I only dropped my phone could be the famous words…
I dropped my phone and it seemed that the world had ended or someone close to me had died…the tears started… the thoughts, I can’t cope with life.
It lead to my best friend telling me I needed to speak to someone. I’d had ‘a moment’ a couple of weeks before where I couldn’t stop crying. I guess one smile tells a millions story’s…It’s what’s hidden behind it. Therefore when my phone dropped out of my hand, smashed and broke that was the final straw. My best fiend guided me to a website where I searched for a therapist.
Combined with, talking, questioning, emdr etc.

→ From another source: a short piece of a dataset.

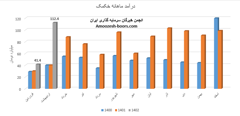عملکرد ماهانه نماد خکمک در اردیبهشت ماه سال 1402 برابر با 112.4 میلیارد تومان بوده است، که نشان میدهد فروش سهم خکمک نسبت به ماه گذشته 171% و نسبت به مدت مشابه 181% رشد داشته است، محصول اصلی خکمک کمک فنر تیپ 62 بوده که در مقایسه با ماه گذشته افزایش نرخ 49 درصدی و افزایش 109 درصدی مقدار فروش را تجربه نموده است، مجموع عملکرد دو ماهه سهم خکمک رشد 120 درصدی نسبت به مدت مشابه داشته و 17% از درامد سال قبل پوشش داده شده است.

Seeing my therapist every week for 5 months was worth every penny. It sure helped me. The funny things is, we never spoke about the first reason I wanted to chat about. It was deeper than that, and went further back. Unpacking those unopened boxes trapped in your head, realising and breaking those life cycles. I used to be ashamed of telling people I saw a therapist every week.
Once I knew it was helping me, boy was I proud. I was proud that I was looking after myself, putting myself first, and striving to be a better version of myself every day.
It was a long road, lots of tears, hidden memories surfacing. I wouldn’t say I am cured, your mental health has peaks and troughs. But the work I put in during those sessions, I’ve become more able to understand myself, know helpful strategies and know I can always go back if needed.
All it takes is a phone to drop, or an Easter egg to smash (another story), for you to have ‘a moment’.
This is OK! My advice would be to talk to someone about it, get that help you deserve and watch yourself grow.
On another note; We never know what the person next to us is going through, so in a world where you can be anything, be kind.